> **Your instructions**
Below are the entries; transcribe them exactly and drop every picture.

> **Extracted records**
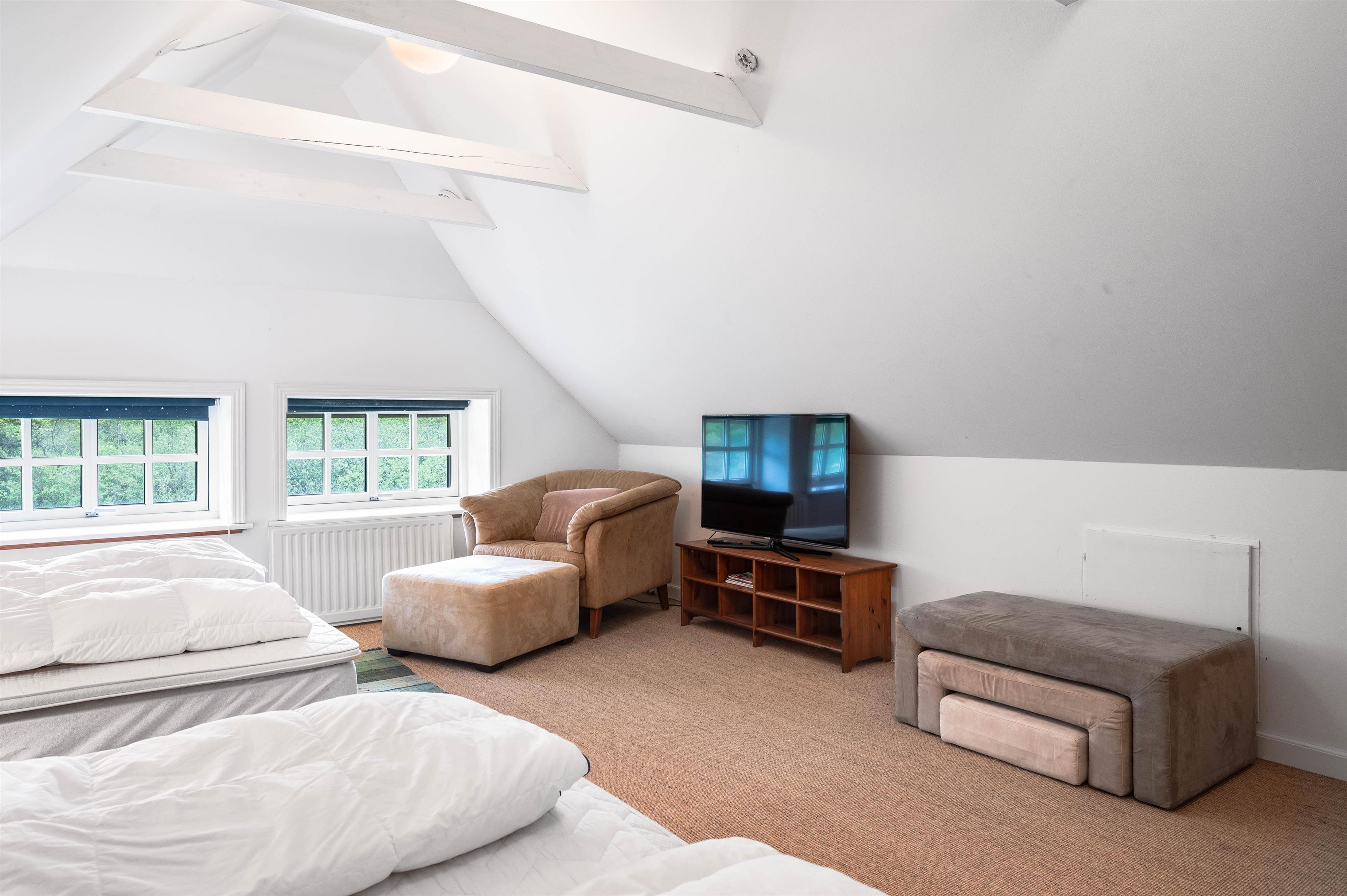 Sengefordelingen er designet til at imødekomme familiesamværet med mulighed for at skabe en speciel "ungeafdeling", hvor flere familiemedlemmer kan sove sammen. Med 5 soveværelser i stueetagen og yderligere 6 sovepladser på førstesalen er der rig mulighed for at tilpasse indkvarteringen efter familiens behov og ønsker. Soveværelset med 2 sovepladser på 1. sal er en åben hems.
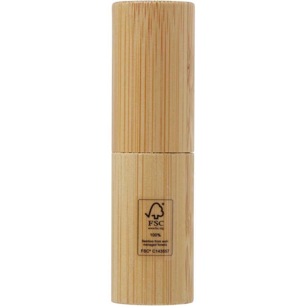 Ajakápoló. Védelmet nyújt a nap ultraibolya (UV) sugarai ellen. Úgy tervezték, hogy hidratálja és védje az ajkakat. A külső burkolat bambuszból készült. Jó választás magánszemélyek és vállalkozások számára, akik a fenntarthatóbb ternékeket részesítik előnyben. Az illata vanília. Szavatosság: vásárlástól számított 3 év. Bambusz. FSC 100% N5 CU-COC-877277.
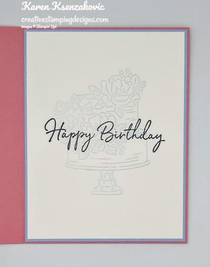 On the inside I stamped the sentiment from the Happy Birthday To You stamp set in Tuxedo Black Memento Ink. I stamped the cake image from the Happy Birthday To You stamp set in Seaside Spray Ink, stamping off once, to the center of the Whisper White panel over the sentiment. I adhered the Whisper White panel to a Seaside Spray mat using Snail and then to the inside of the Rococo Rose card base using Multipurpose Liquid Glue.
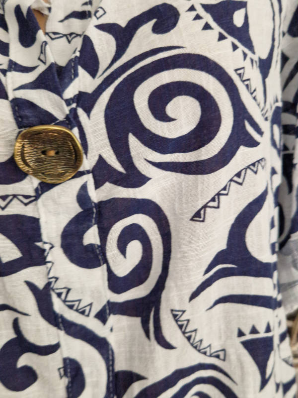 Unser Kommentar zu "Bluse Tunika Baumwolle grosser Knopf weiss/blau 40-44 1/2 Arm Made in Italy NEU"
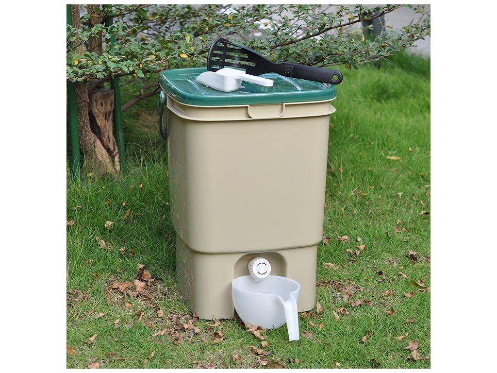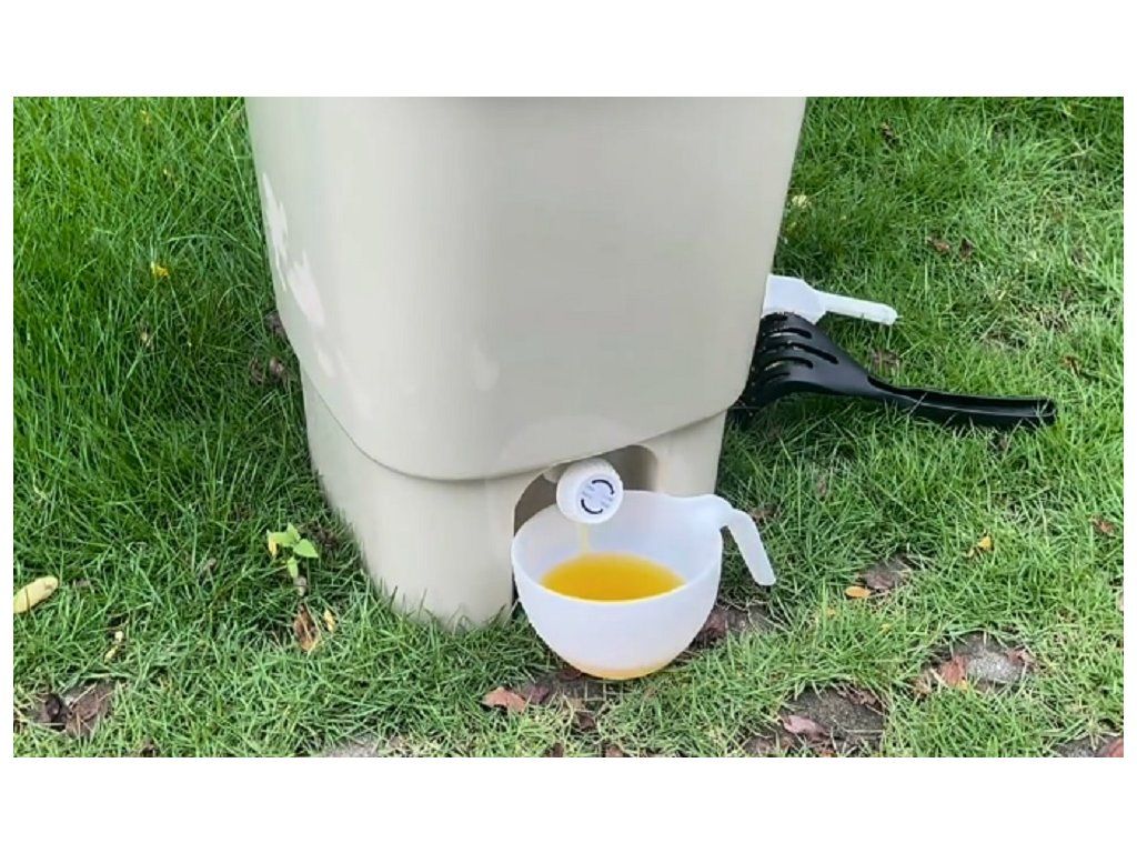 Tekućina koja se nakuplja na dnu kompostera izuzetno je bogat izvor hranjivih tvari za biljke. Zato ovaj kuhinjski komposter ima i slavinu koja vam omogućuje jednostavno i sigurno ispuštanje procjedne vode iz komposta.

> **Written solution**
 Sengefordelingen er designet til at imødekomme familiesamværet med mulighed for at skabe en speciel "ungeafdeling", hvor flere familiemedlemmer kan sove sammen. Med 5 soveværelser i stueetagen og yderligere 6 sovepladser på førstesalen er der rig mulighed for at tilpasse indkvarteringen efter familiens behov og ønsker. Soveværelset med 2 sovepladser på 1. sal er en åben hems.
 Ajakápoló. Védelmet nyújt a nap ultraibolya (UV) sugarai ellen. Úgy tervezték, hogy hidratálja és védje az ajkakat. A külső burkolat bambuszból készült. Jó választás magánszemélyek és vállalkozások számára, akik a fenntarthatóbb ternékeket részesítik előnyben. Az illata vanília. Szavatosság: vásárlástól számított 3 év. Bambusz. FSC 100% N5 CU-COC-877277.
 On the inside I stamped the sentiment from the Happy Birthday To You stamp set in Tuxedo Black Memento Ink. I stamped the cake image from the Happy Birthday To You stamp set in Seaside Spray Ink, stamping off once, to the center of the Whisper White panel over the sentiment. I adhered the Whisper White panel to a Seaside Spray mat using Snail and then to the inside of the Rococo Rose card base using Multipurpose Liquid Glue.
 Unser Kommentar zu "Bluse Tunika Baumwolle grosser Knopf weiss/blau 40-44 1/2 Arm Made in Italy NEU"
 Tekućina koja se nakuplja na dnu kompostera izuzetno je bogat izvor hranjivih tvari za biljke. Zato ovaj kuhinjski komposter ima i slavinu koja vam omogućuje jednostavno i sigurno ispuštanje procjedne vode iz komposta.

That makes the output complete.